Question

Two small identical discs, each of mass $m$, lie on a smooth horizontal plane. The discs are interconnected by a light non-deformed spring of length $l_0$ and stiffness $\kappa$. At a certain moment one of the discs is set in motion in a horizontal direction perpendicular to the spring with velocity $v_0$. If the maximum elongation of the spring in the process of motion is given as ${\epsilon }_{max}\approx \frac{xm{v}_0^2}{\kappa l_0^2}$, Find $x$

Answer 1

In the C.M. frame of the system (both the discs $+$ spring), the linear momentum of the discs are related by the relation, $\widetilde{\overrightarrow{p_1}}=-\widetilde{\overrightarrow{p_2}}$, at all moments of time.

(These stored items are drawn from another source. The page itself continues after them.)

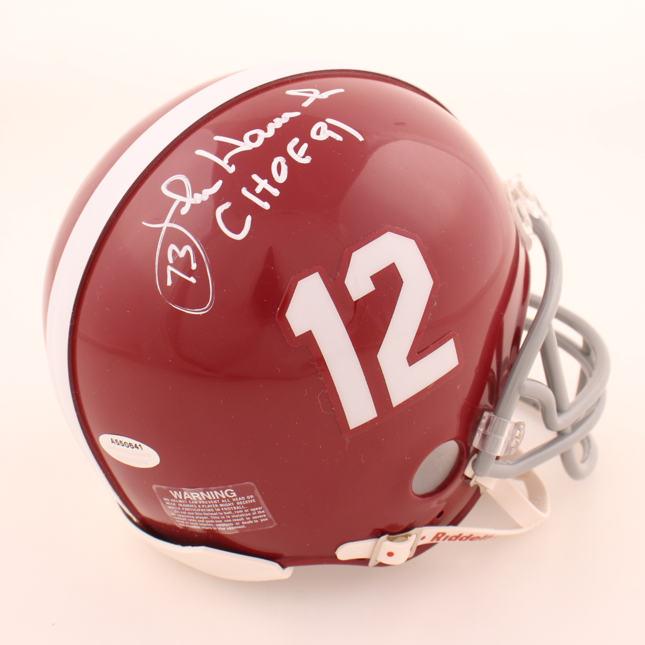 Riddell Alabama Crimson Tide mini helmet. Hand-signed and inscribed by John Hannah (HOF).
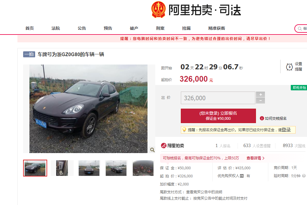 另一辆浙G保时捷拍卖,起拍价326000元!
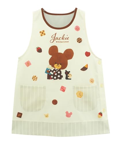 くまのがっこうのジャッキー刺繍とアップリケが可愛らしい、大人向けキャラクターエプロンです。サイドボタン仕様で着脱しやすく、速乾性とシワになりにくい素材でお手入れも簡単です。家事や料理が楽しくなるデザインと実用性を兼ね備えています。
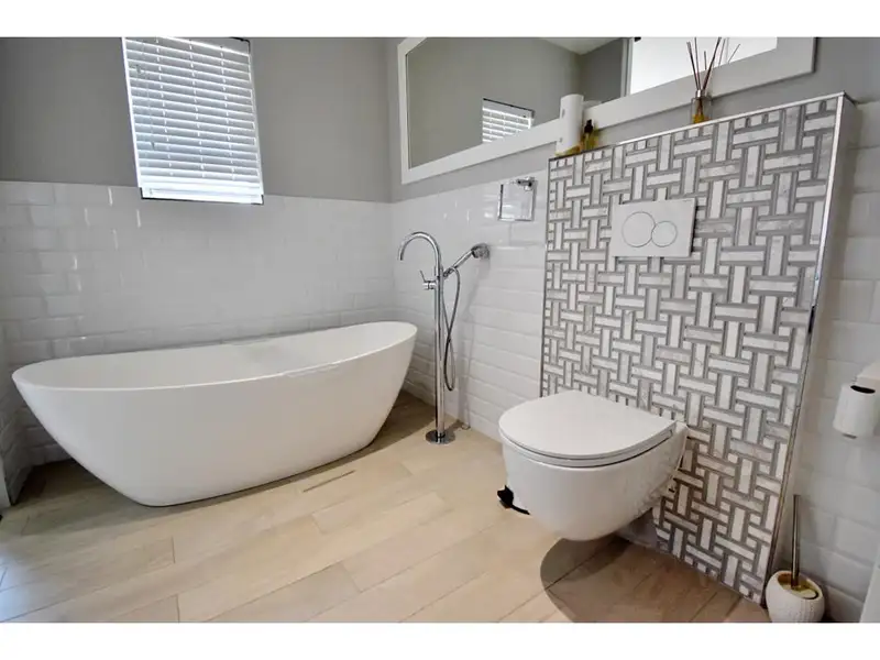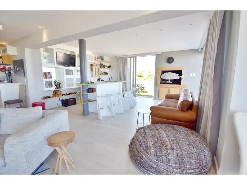 The ground floor unfolds into a series of generously proportioned open-plan living areas, thoughtfully designed to create a warm and inviting atmosphere. A spacious dining room, two cozy lounge areas, and a well-appointed bar area with an indoor braai seamlessly flow together. These inviting spaces open onto a sun-drenched wooden patio, complete with a sparkling swimming pool and a cozy firepit, perfect for al fresco dining and relaxation.

where ${\tilde{p}}_1={\tilde{p}}_2=\tilde{p}=\mu v_{rel}$
And the total kinetic energy of the system,
$T=\frac{1}{2}\mu v_{rel}^2$
Bearing in mind that at the moment of maximum deformation of the spring, the projection of $\overrightarrow{v_{rel}}$ along the length of the spring becomes zero, i.e. $v_{rel\left(x\right)}=0$.

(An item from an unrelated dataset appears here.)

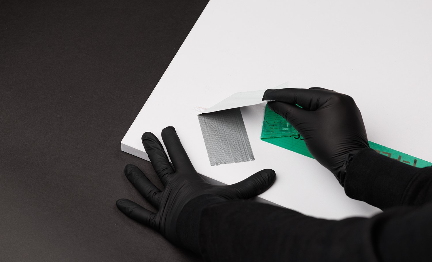 Börja med att försiktigt dra bort den gröna T-Flex-tejpen från ytan. När tejpen är borta kan det finnas rester av häftämne kvar på underlaget. Det är helt normalt. På bild är det ganska diskret. I verkligheten? Inte lika subtilt. Det är också här arbetet börjar på riktigt.

The conservation of mechanical energy of the considered system in the C.M. frame gives,
$\frac{1}{2}\left(\frac{m}{2}\right)v_0^2=\frac{1}{2}\kappa x^2+\frac{1}{2}\left(\frac{m}{2}\right)v_{rel\left(y\right)}^2$
Now from the conservation of angular momentum of the system about the C.M.,
$\frac{1}{2}\left(\frac{l_0}{2}\right)\left(\frac{m}{2}{v}_0\right)=2\left(\frac{l_0+x}{2}\right)\frac{m}{2}{v}_{rel\left(y\right)}$
or, $v_{rel\left(y\right)}=\frac{v_0{l}_0}{(l_0+x)}=v_0{(1+\frac{x}{l_0})}^{-1}\approx (1-\frac{x}{l_0})$, as $x\ll l_0$ (2)
Using (2) in (1), $\frac{1}{2}m{v}_0^2[1-{(1-\frac{x}{l_0})}^2]=\kappa x^2$
or, $\frac{1}{2}m{v}_0^2[1-{(1-\frac{2x}{l_0}+\frac{x^2}{l_0^2})}^2]=\kappa x^2$
or, $\frac{m{v}_0^{2}x}{l_0}\approx \kappa x^2$ [neglecting $\frac{x^2}{l_0^2}$]
As $x\ne 0$, thus $x=\frac{m{v}_0^2}{\kappa l_0}$